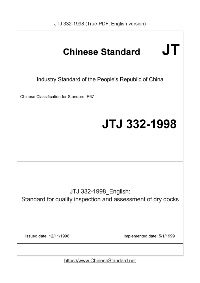 Basic dataStandard ID: JTJ 332-1998 (JTJ332-1998)Description (Translated English): Standard for quality inspection and assessment of dry docks Sector / Industry: Highway & Transportation Industry Standard Classification of Chinese Standard: P67 Word Count Estimation: 101,142 Date of Issue: 12/11/1998 Date of Implementation: 5/1/1999 Regulation (derived from): Ministry of Transport Notice 2008 No. 40 |
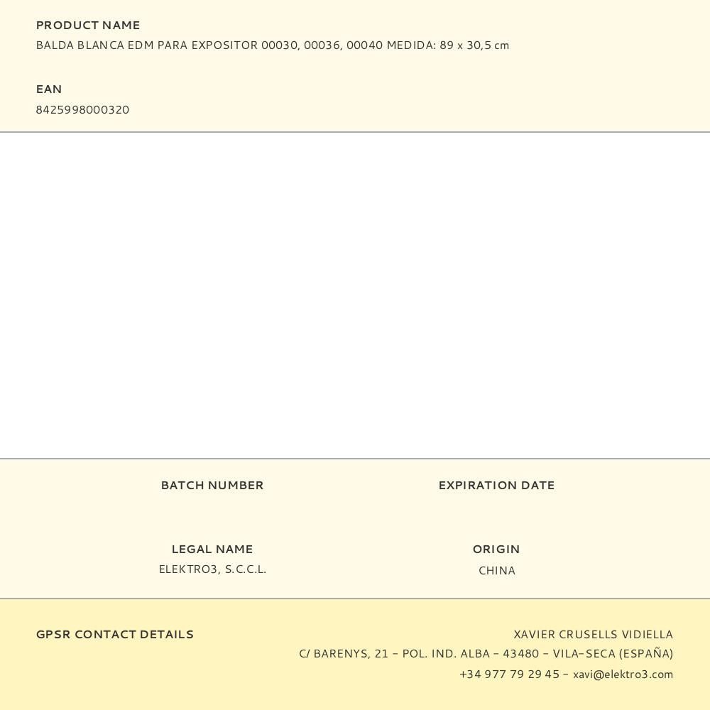Balda Blanca Edm Para Expositor 00030, 00036, 00040 Medida: 89 X 30,5 Cm
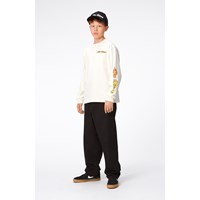 Rube is an off-white top in 100% organic cotton with an orange and yellow placement print on the sleeves and front. The print sizzles and consists of the words "On Fire", written with flaming letters, in a small print, on the front and a large print up the sleeves in gradiant colours from orange to yellow. Rube has a rib edge at the round neck and sleeves and is in a loose fit.

□ □ □ □

Set down the entire material verbatim, with each picture left out.

 Basic dataStandard ID: JTJ 332-1998 (JTJ332-1998)Description (Translated English): Standard for quality inspection and assessment of dry docks Sector / Industry: Highway & Transportation Industry Standard Classification of Chinese Standard: P67 Word Count Estimation: 101,142 Date of Issue: 12/11/1998 Date of Implementation: 5/1/1999 Regulation (derived from): Ministry of Transport Notice 2008 No. 40 |
Balda Blanca Edm Para Expositor 00030, 00036, 00040 Medida: 89 X 30,5 Cm
 Rube is an off-white top in 100% organic cotton with an orange and yellow placement print on the sleeves and front. The print sizzles and consists of the words "On Fire", written with flaming letters, in a small print, on the front and a large print up the sleeves in gradiant colours from orange to yellow. Rube has a rib edge at the round neck and sleeves and is in a loose fit.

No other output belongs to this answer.